:: THE DATA

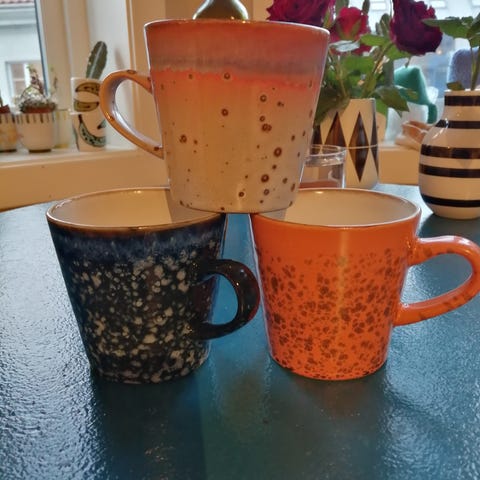 Selger unna to stykk kopper som ikke ble brukt. Kun stått i skap. Rommer 250 ml.
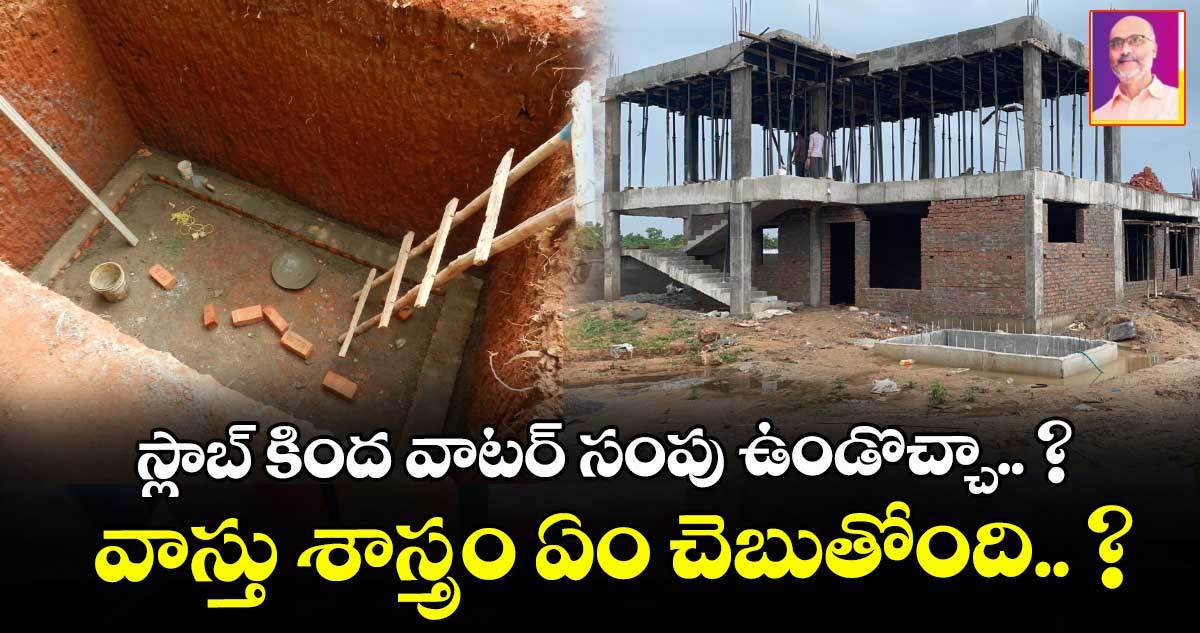స్లాబ్ కింద వాటర్ సంపు ఉండొచ్చు. కానీ ఇంటి సింహద్వారానికి ముందు మాత్రం ఉండకూడదు. భూమి లోపల ఉత్తర ఈశాన్యం లేదా తూర్పు ఈశాన్యం వైపు వాటర్సంపు ఏర్పాటుచేసుకోవచ్చు. నీళ్లతో నిండి ఉండే వాటర్ సంపుపై నడవడం అంత మంచిదికాదు. ఒకవేళ నడవాల్సి వస్తే, దాని పక్కనుంచి నడవాలి.
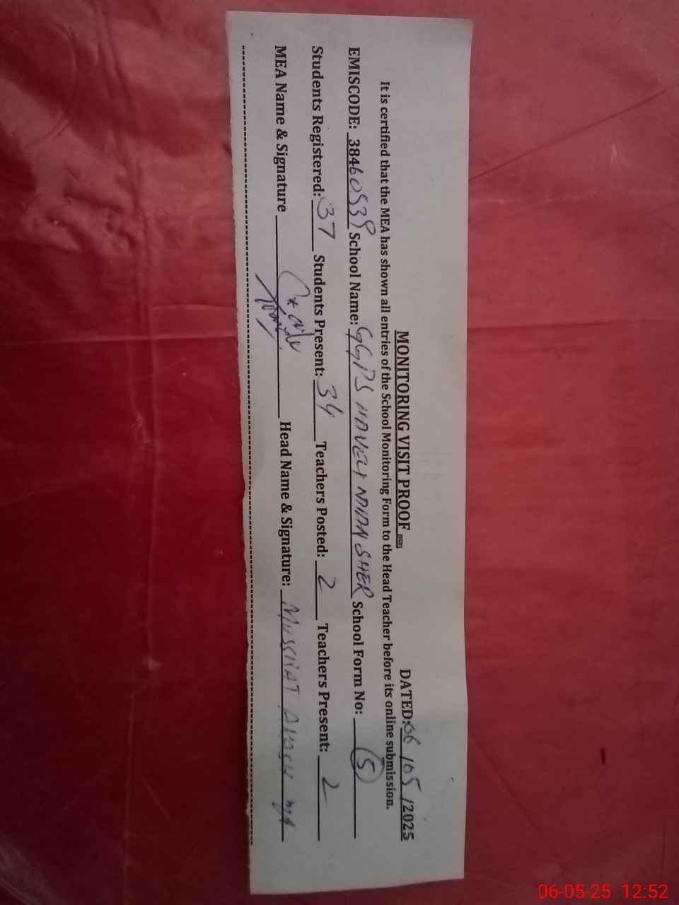 | EMIS Code: 38460539 | Name of School: GGPS HAVELI MIAN SHER ALI | |||
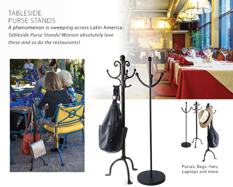 Tableside Purse Stands-Wrought Iron • I2233-B “Scroll” Purse Stand w/ Feet 40" Black
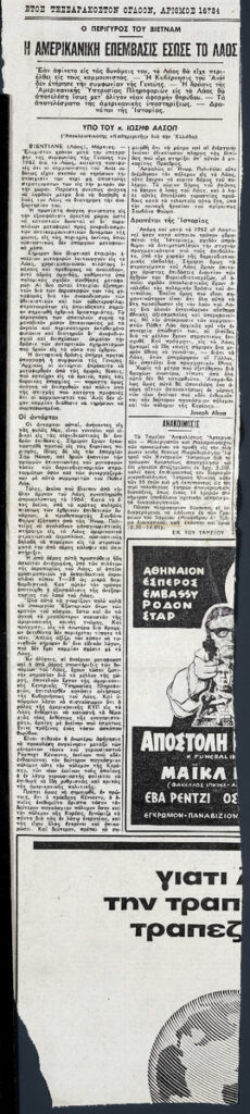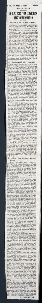 Απόκομμα της εφημερίδας “Η Καθημερινή” (16/03/1967).
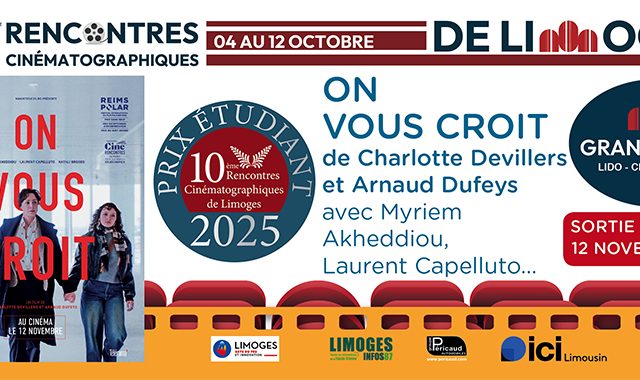 Les 10 èmes Rencontres cinématographiques de Limoges se sont tenues du 4 au 12 octobre 2025. Après 9 jours consacrés à la diffusion de 22 films en avant-première, le public de Limoges et les membres du jury étudiants ont désignés leurs lauréats : Prix du Public : FURCY NE LIBRE de Abd AL Malik Prix des Etudiants : ON VOUS CROIT de Charlotte Devillers et Arnaud Dufeys. Ce palmarès clos une manifestation riche en rencontres de qualité et en découverte de films à venir sur nos écrans. Nous remercions tous les étudiants qui ont participé au jury qui pour la plupart sont inscrits à l'atelier cinéma de l'université sous la direction de Laurent Moreau.
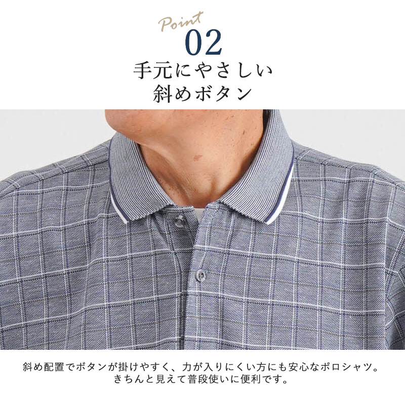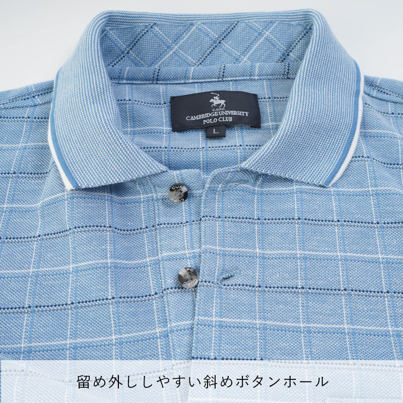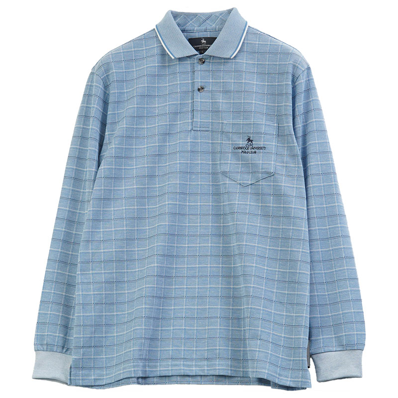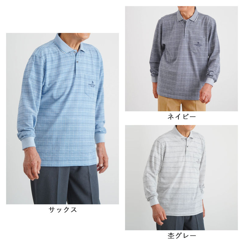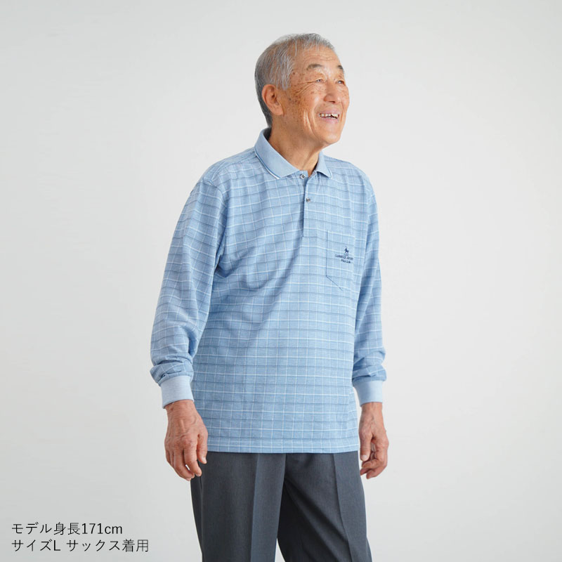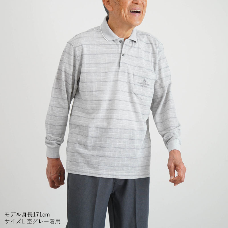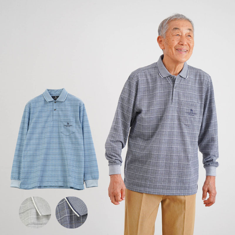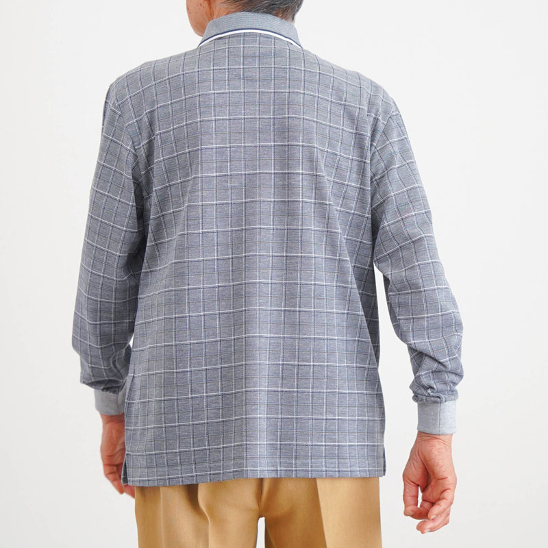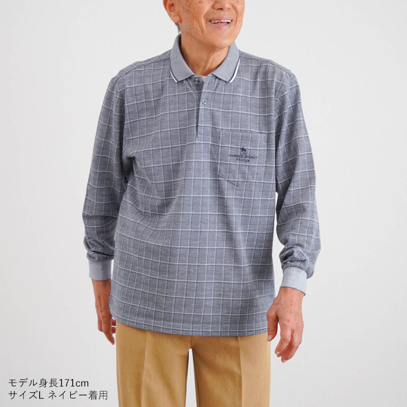 チェック柄 斜めボタンホール 長袖ポロシャツ

::::

WORK TO COMPLETE
What should come back is an exact copy of the lines above from the line with "Tableside Purse Stands-Wrought" to the line with "Απόκομμα της εφημερίδας", both included, minus the pictures.

OUTPUT BELOW
 Tableside Purse Stands-Wrought Iron • I2233-B “Scroll” Purse Stand w/ Feet 40" Black
 Απόκομμα της εφημερίδας “Η Καθημερινή” (16/03/1967).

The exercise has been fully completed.